Podesta: It was certainly fast. Most music videos go by quickly, but this one was definitely one to write home about. We were contacted by SZA’s label in mid-December. And of course, that was shooting in six days, the day before we had a Christmas break. So it was a quick sprint to get there. Usually for a video of this size or caliber, you will have two or three days to shoot it. We had to shoot it on a long day because it was due before the holidays. So we were probably on set for 19 hours or 20 hours.
What was it like working with SZA?
Breslauer: I have never worked with him before. It’s funny because when I posted the teaser trailer on Instagram, I tagged her and it brought me to our DM. And I never realized that a year ago he hit me up about trying to collaborate on a project. I must have missed it somehow. She is truly a beautiful person, just stunningly beautiful, the best of the craft. I think he really understands how hard he worked for this moment and all the time he put into the album. He really wanted to do as many of his stunts as possible. And he didn’t have a lot of time to choreograph it, so he stuck with it and I think the end result was really believable. He stayed to the bitter end, and it got cold. I think we probably wrapped around 5 o’clock, and I think he probably got there at 9 o’clock [the day before].
Podesta: It was really interesting to see how involved he was and how much he knew about creative storytelling She knew what she wanted. Every decision that was made, everything that was executed throughout the day, throughout the preparation… he was very involved with casting and lighting references.
Can you break down some of the “Kill Bill” movie references that made it into the video?

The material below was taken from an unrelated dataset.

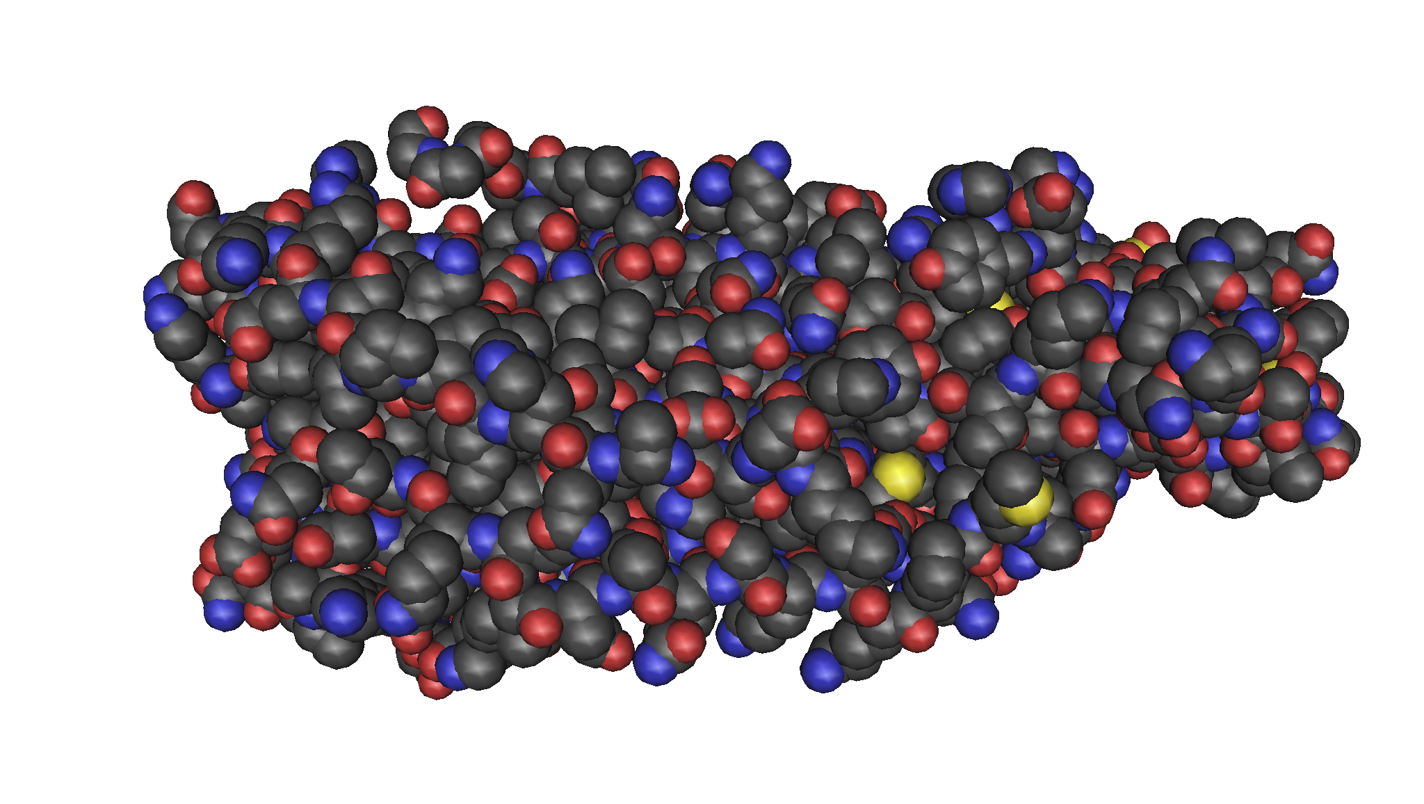 Structure Of The Panton-Valentine Leucocidin F Component From Staphylococcus Aureus

Breslauer: A few things we noticed from the overall film world. I thought about including some of those classic retro split screens that you see a lot in 70s movies, because Tarantino kind of made his name out of all these different genres and stitching them together. So we wanted to do the same thing. Obviously, there’s katana and sword fighting, which is a huge element. We want to put things in place for the fans where they can see that we’re moving towards making an action movie, but at the same time, how do we differentiate it?
How are you Vivica? Got Fox on board?
Breslauer: It was very close to the holidays, people were already planning their trips. And Vivica, she was so down to do it. And she was a sweetheart. He waited several hours when we finally got to that scene and he came in for the last shot of the night. It was cold as hell. He came in, I gave him brief directions, and he said, “Okay, honey, say less. Let’s get to it.” And he brought that intensity, that look. I wanted him to feel like a stranger.

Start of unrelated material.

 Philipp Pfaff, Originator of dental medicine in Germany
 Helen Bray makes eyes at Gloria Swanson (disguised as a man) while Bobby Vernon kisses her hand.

How did the video change after it was initially shot?
Breslauer: The animation scene was not in the original treatment. It was something after I saw the original cut. I had this idea and I was like, “Maybe throw something new through the loop and be able to cover it in a different way than the way we shot it.” I think I hurt [Nathan Love Animation] At Christmas and they somehow spin it at record speed, and it’s honestly one of my favorite parts of the video right now.
We hear a snippet of “Search and Destroy” at the end. Could this hint at the next music video?
Breslauer: Little easter egg we threw at them “Seek and Destroy,” SZA hanging from the rope of the ladder, that’s her idea that she threw me. I think two days before we shot he was like, “I don’t know how to incorporate this, but I really want this scene.” I said, “Let’s get this over with, let’s tease another record.” And I think “Search and Destroy” is the right record because it’s like, “I had to do it.” She just killed her ex and she got revenge. He lays it here in all its glory. We brought in a true expert, a Shibari rope man, to tie him properly. So what you see is completely authentic. There are no hidden wires holding him up or anything like that.
Podesta: At first we talked about skipping the scrolling credits, but I think it was such an iconic shot that it was hard to put anything on it.
These interviews have been edited and condensed for clarity.